When I began my PhD at Glasgow University in 1999, I appreciated that the "reality" of researching male age-discrepant/intergenerational sexualities and relationships would likely prove a hotly contested topic. But I did not anticipate that my mother and I would be subjected to offensive phone-calls; two lengthy Senate investigations; having sensitive material stolen from my office and passed on to a journalist; explaining my research to officers from the Serious Crime Squad; the News of the World taking a photo of me inside our house; and, finally, a series of ill-informed political attacks.

Other major works

Despite censorship of his work from Sociological Research Online, Sexualities, and Sociological Review, Yuill has published two Encyclopedia articles. The first, co-authored with his PhD supervisor David T. Evans, was the entry for pedophilia in “The Blackwell Encyclopedia of Sociology” in 2007.[12] The second was an entry for pederasty in Greenwood’s Love, Courtship and Sexuality through history, Volume 6, in 2008. He has also published a critical commentary of Diederik Janssen's "Re-Queering queer youth development: A Post-Developmental Approach to Childhood and Pedagogy" entitled "Re-scheduling child sexual trajectories” in the Journal of LGBT Youth, 2008, 5(3).[13] Written with Dean Durber, "‘Querying’ the Limits of Queering Boys Through the Contested Discourses on Sexuality" was published in Sexuality & Culture.[14]

Yuill has collaborated with Bruce Rind, publishing a 2012 paper on the topic of Hebephilia, within its historical and anthropological context.

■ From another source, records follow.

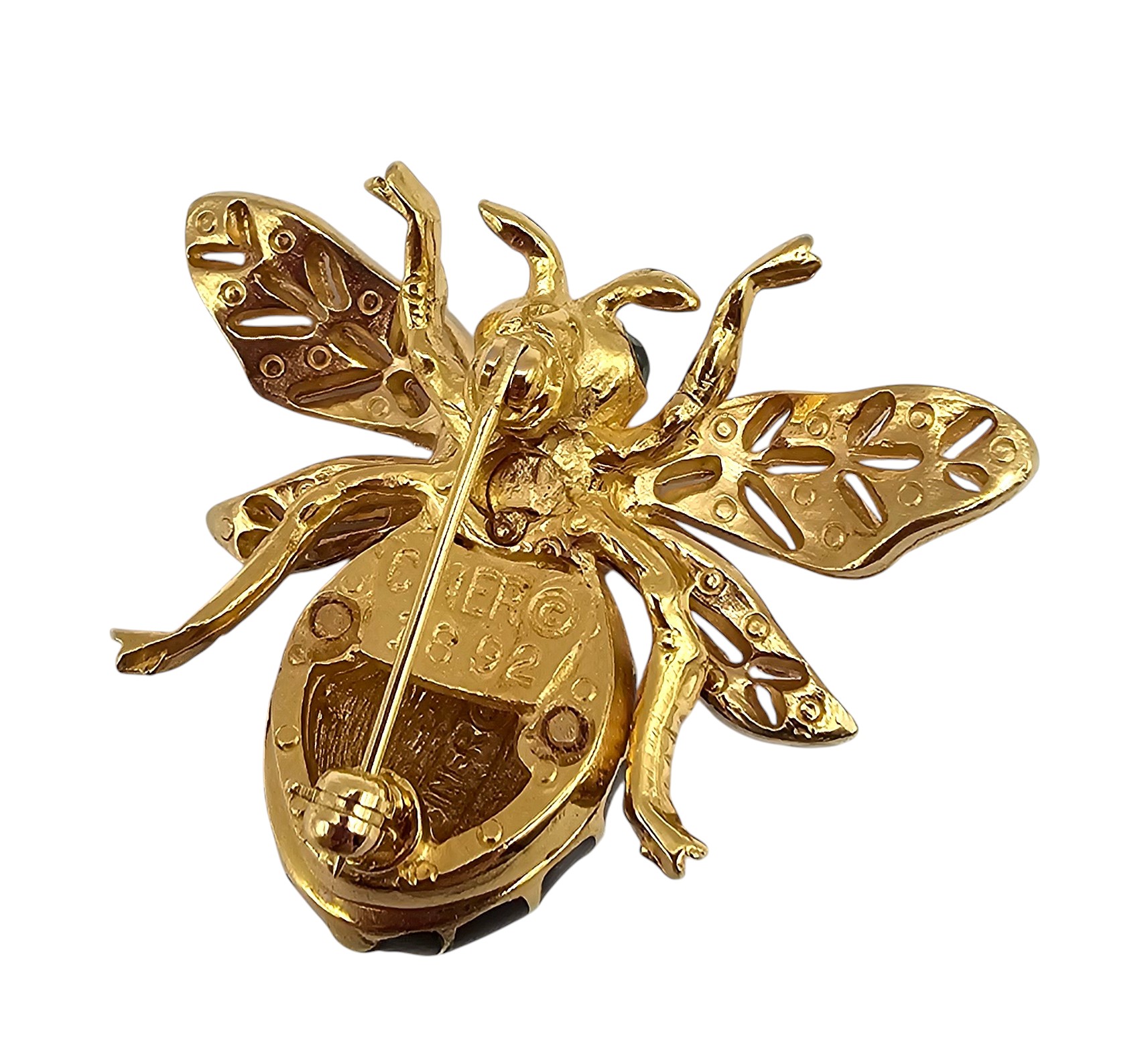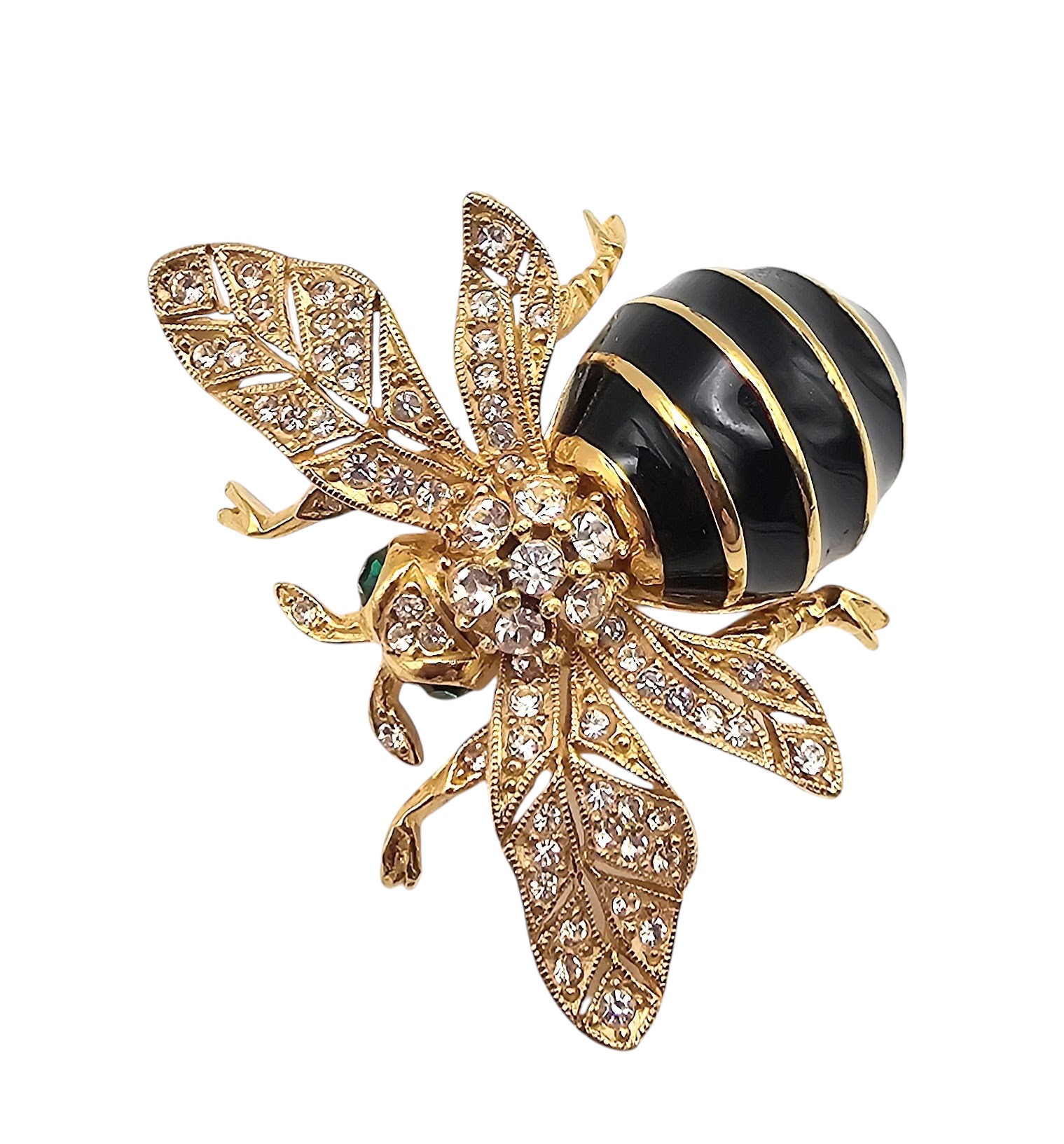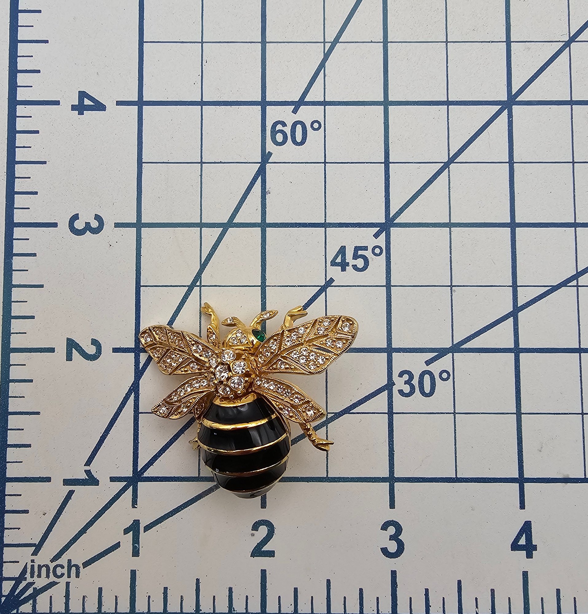 Ciner Black Enamel Rhinestone Gold Tone Bumblebee Bee Brooch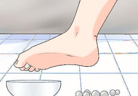 Perform the appropriate strengthening exercises. When done properly, strength exercises should help return the strength and endurance required for everyday activities to the injured foot. If you experience any pain during these exercises, consult your physical therapist or doctor. An example of a strength exercise is the marble pickup. Sit in a chair with both feet flat on the ground and put 20 marbles on the ground in front of you. Place a bowl near the marbles. Pick up the marbles one by one with your injured foot and place them into the bowl. You should feel the exercise on the top of your foot.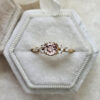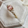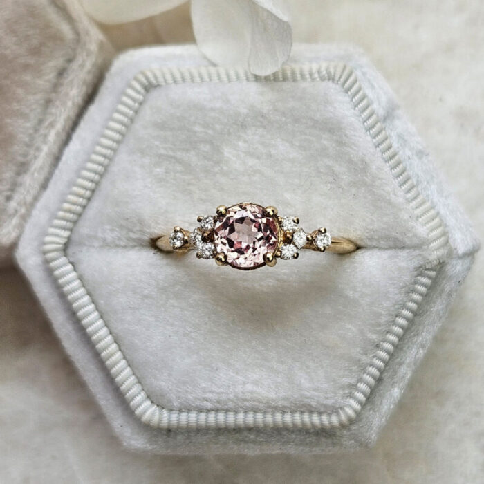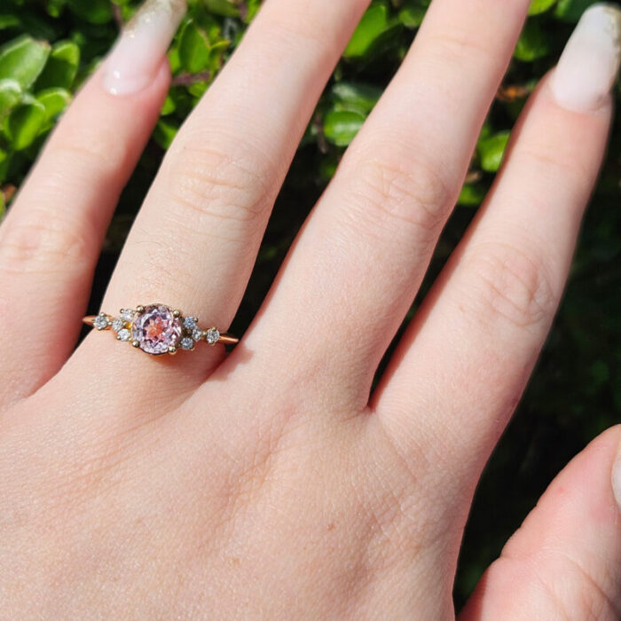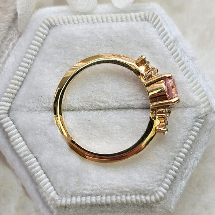 This brand new stunning ring features a central lab created champagne sapphire, set in a stunning delicate mount that has been claw set by 6 brilliant cut and 2 princess cut diamonds!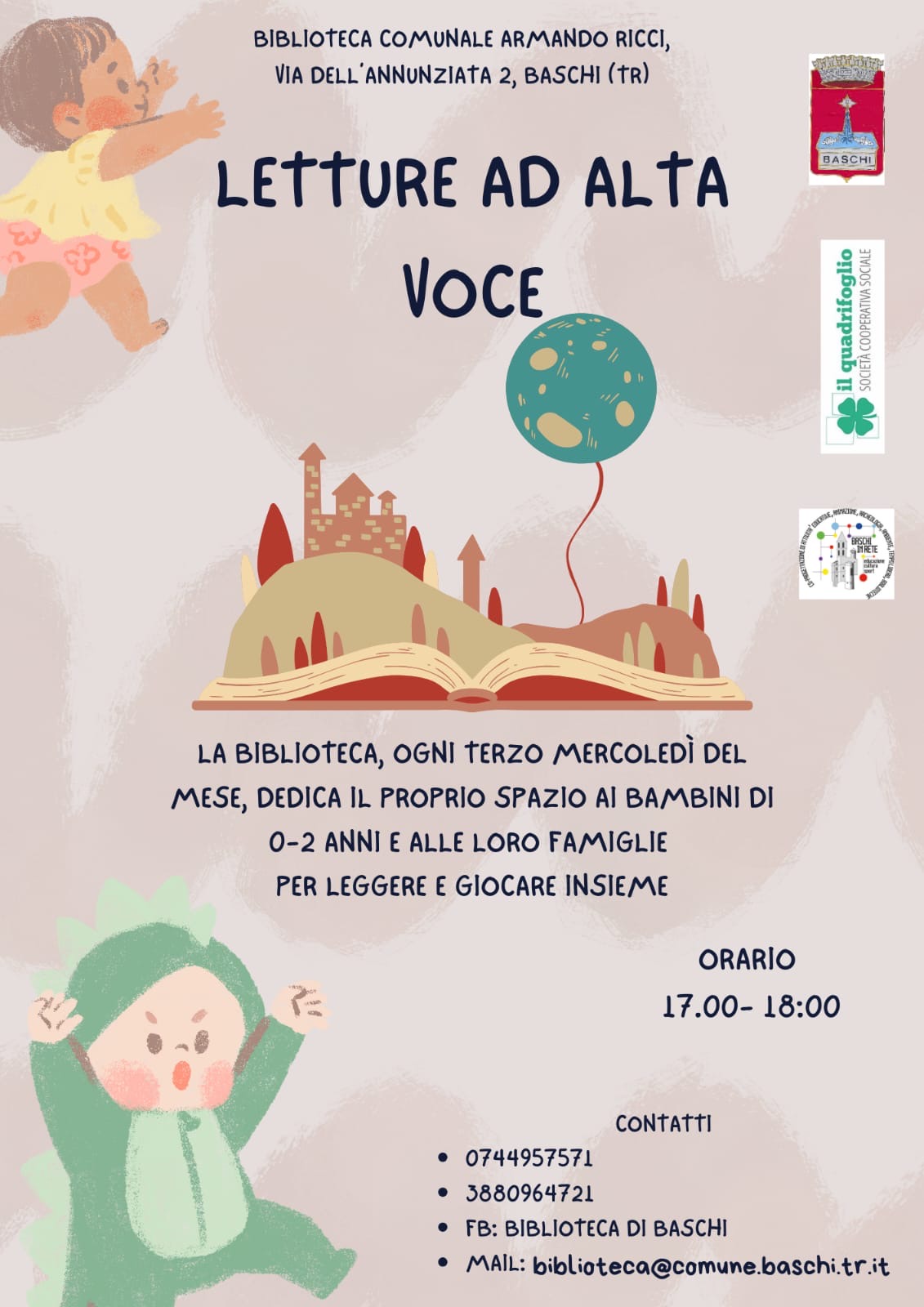 La biblioteca ogni terzo mercoledì del mese dedica il proprio spazio ai bambini di 0 - 2 anni e le lore famiglie.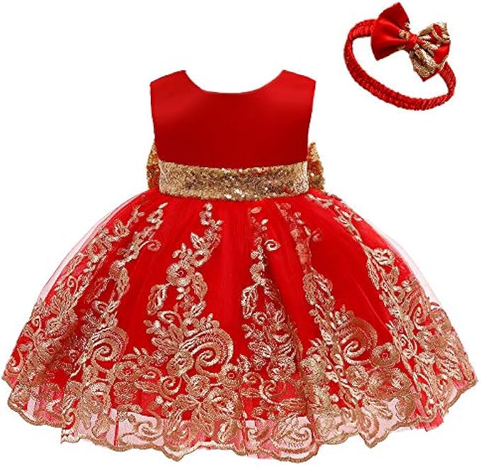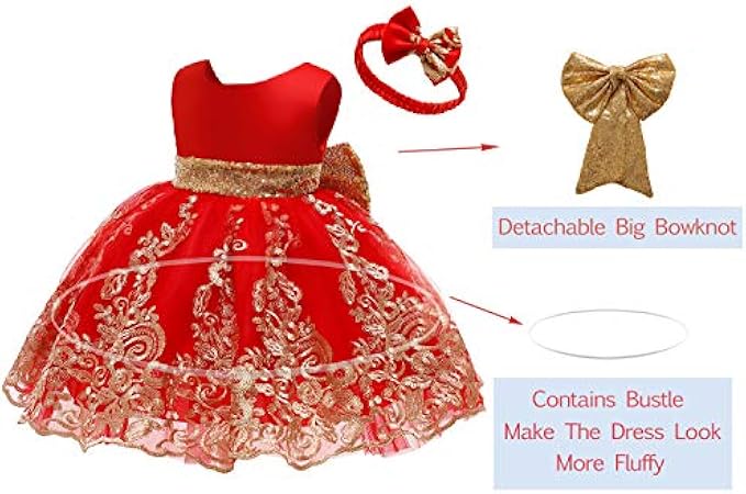 • FEATURES - Detachable Big Bowknot, Lace Flowers,Free Headwear, Ball Gown, Back Zip, Sleeveless, Round Neck,Knee Length,Ruffles Gorgeous Dresses for Baby Toddler Princess Girls

This followed academic controversy over the idea of Hebephilia as a form of pathology - something Yuill and Rind argue is ahistorical.

Yuill himself details his experience of facing researcher stigma and media attack in his 2010 scholarly article Interrogating the Essential: Moral Baselines on Adult-Child Sex.[15] He documents attacks on himself and past researchers most fully in a contribution to Censoring Sex Research (2013), with a book chapter titled Intergenerational Sexualities: A Case Study on the Colonization of Late Modern Sexual Subjects and Researcher Agendas.[16] The historian Rachel Hope Cleves summarizes Yuill's story in her award-winning 2020 book Unspeakable: A Life Beyond Sexual Morality, examining once famous and influential pederast Norman Douglas. Cleves sees Yuill's case as an example of the potential risks of writing and publishing on intergenerational relations.